WILD AND WOOLLY
S.: Horace B. Carpenter. Sc.: Anita Loos. F.: Victor Fleming, Harry Thorpe. In.: Douglas Fairbanks (Jeff Hillington), Eileen Percy (Nell), Sam De Grasse (Steve). P.: Fairbanks/Artcraft-Paramount. 16mm. L.: 532m. D.: 73’ a 18 f/s.
Film Notes
“As a region of the imagination where boundless activity was the order of the day, the West was vital geography for Doug. Wild and Woolly is a film of the party of ‘hope’, to extrapolate upon Mr. Lewis a bit. To those in the early nineteenth century who ascribed to this doctrine, America had fostered ‘a clear conscience unsullied by the past’. According to this creed America had no past, only a present and a future, only expectation and vision. Lewis points out that the key term in this mortal vocabulary is ‘innocence’.
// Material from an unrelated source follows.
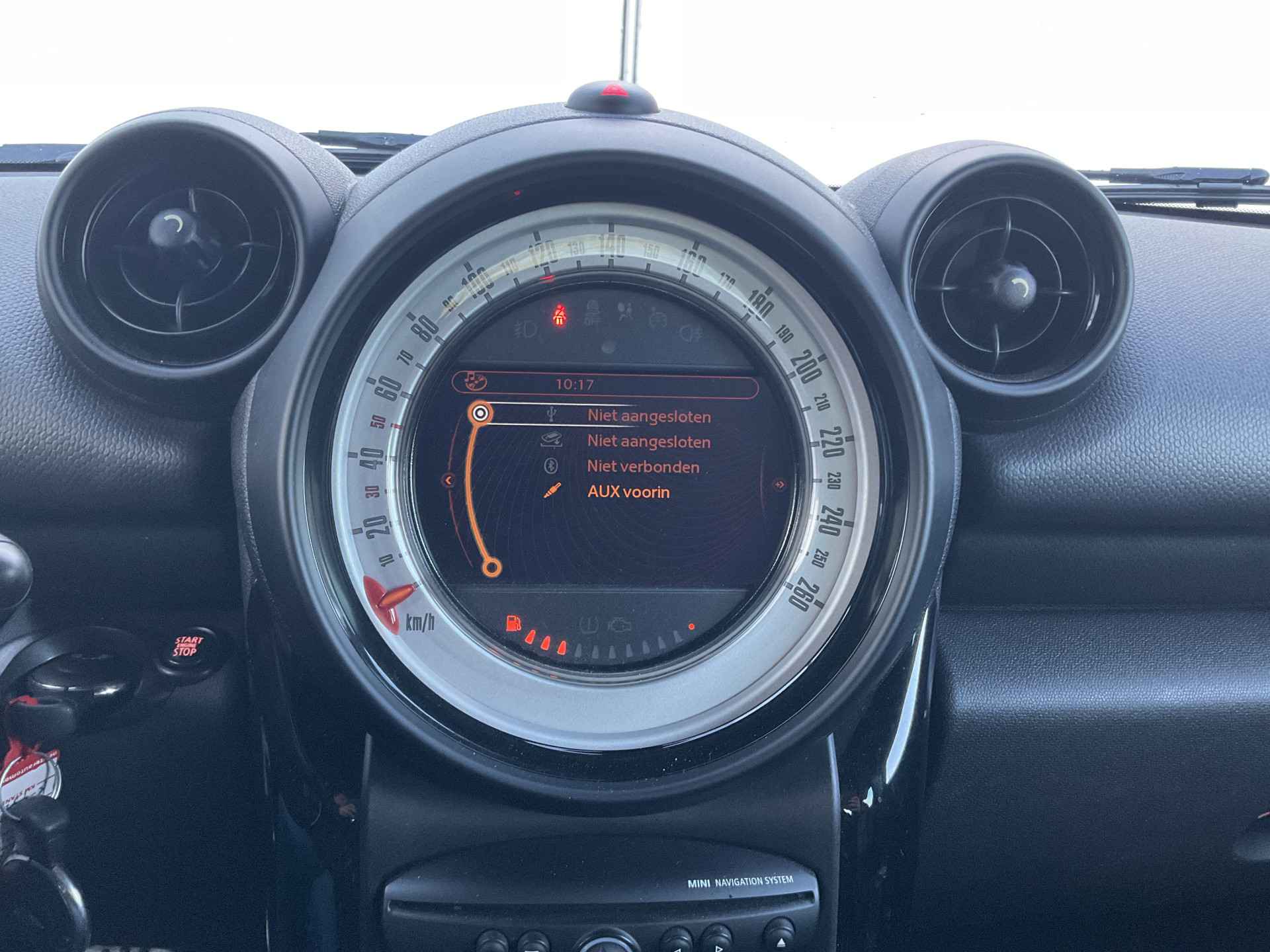 Met de ingebouwde spraakbediening kunt u de belangrijkste voertuigsystemen bedienen met stemcommando's. Nooit meer de weg zoeken en ontspannen arriveren bij uw reisdoel. Met het full map navigatiesysteem zit u veilig en ontspannen in de auto. Soms heeft u meer parkeerruimte dan u denkt. Maar soms ook niet. De parkeersensoren vertellen precies hoeveel. De cruise control houdt de snelheid constant. Dat is relaxt reizen! Ja, airconditioning is er natuurlijk ook in deze auto. Deze MINI is voorzien van buitentemperatuurmeter en centrale deurvergrendeling met afstandsbediening.

At the time of Wild and Woolly the West is not really as Fairbanks dream of it; instead it is modern and progressive. Thus, one can argue that Fairbanks’ dream is really nostalgia over a departed past, over a West as it can never be again. The point, then, and this must be emphasized, is that the West was never as our hero in Wild and Woolly dreamed of it. Rather, it is presented as an ideal lifestyle pitted against the stifling environment of the industrial East. Thus, it is not a memory of the past, merely an innocent dream of a better life. The film in its own way is a part of an American tradition that saw America as a vision of innocence and a claim of newness. It is the imagination hungering for freedom, a basic element in the formation of the American West”.
(John C. Tibbetts e James M. Welsh, His Majesty the American. The films of Douglas Fairbanks, sr., cit.)